Task details:
Only the lines from the one containing "오키나와(沖繩)나 제주도는 비가" through the end of the material should be printed, exactly as they appear. Leave out pictures.

Material provided:
--*--

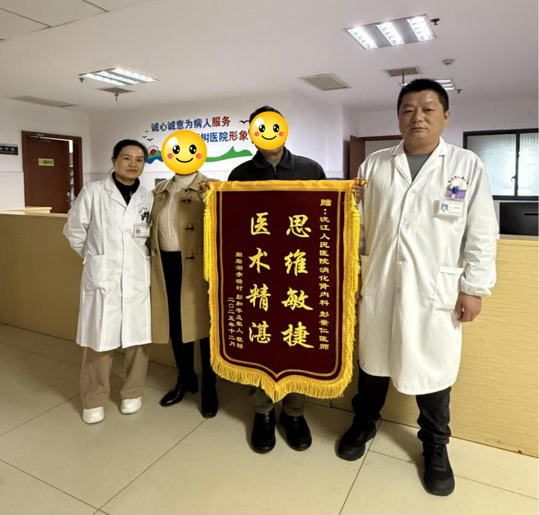 近日,沅江市人民医院消化科的彭医生收到了一份满含敬意的感谢——患者彭大爷及其家属专程送来一面鲜红锦旗。“思维敏捷 医术精湛”的烫金大字,既是对彭医生精准诊疗的由衷赞誉,更是医患同心的温暖见证。
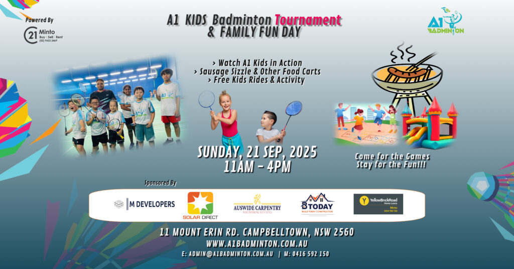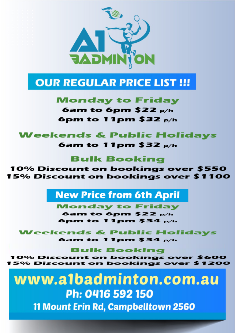 The A1 Badminton Centre is conveniently located in the heart of Campbelltown City, NSW that is South-West of Sydney. A short (10 to 20 mins) drive from Minto, Macquarie Fields, Ingleburn, Leumeah, Edmondson Park, Preston, Oran Park, Leppington and Liverpool.
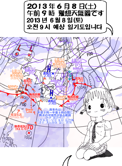 오키나와(沖繩)나 제주도는 비가 오겠고, 특히 오키나와(沖繩)는 세찬 비가 올 염려가 있어요. 그 밖 지역은 맑은 곳이 많겠어요. 기온이 높은 곳이 많아서 덥게 느껴지겠어요. 또, 기온이 그다지 높지 않은 지역도 습도가 높겠어요. 열사병에 조심하시기 바랍니다.
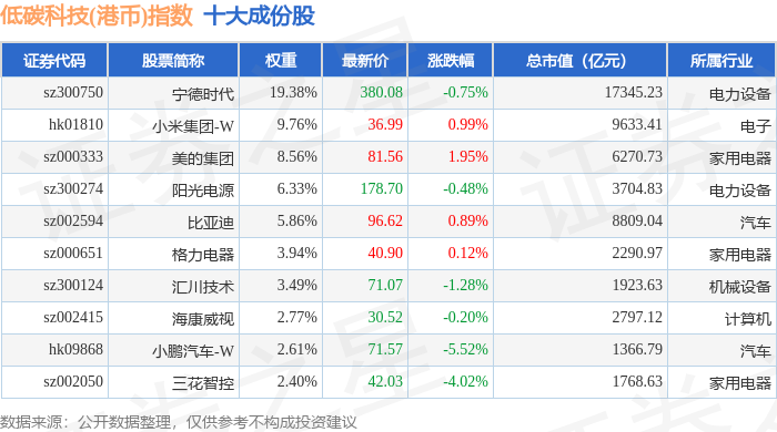 低碳科技(港币)(983161)指数十大成份股详情如下:

--*--

Exercise answer:
 오키나와(沖繩)나 제주도는 비가 오겠고, 특히 오키나와(沖繩)는 세찬 비가 올 염려가 있어요. 그 밖 지역은 맑은 곳이 많겠어요. 기온이 높은 곳이 많아서 덥게 느껴지겠어요. 또, 기온이 그다지 높지 않은 지역도 습도가 높겠어요. 열사병에 조심하시기 바랍니다.
 低碳科技(港币)(983161)指数十大成份股详情如下:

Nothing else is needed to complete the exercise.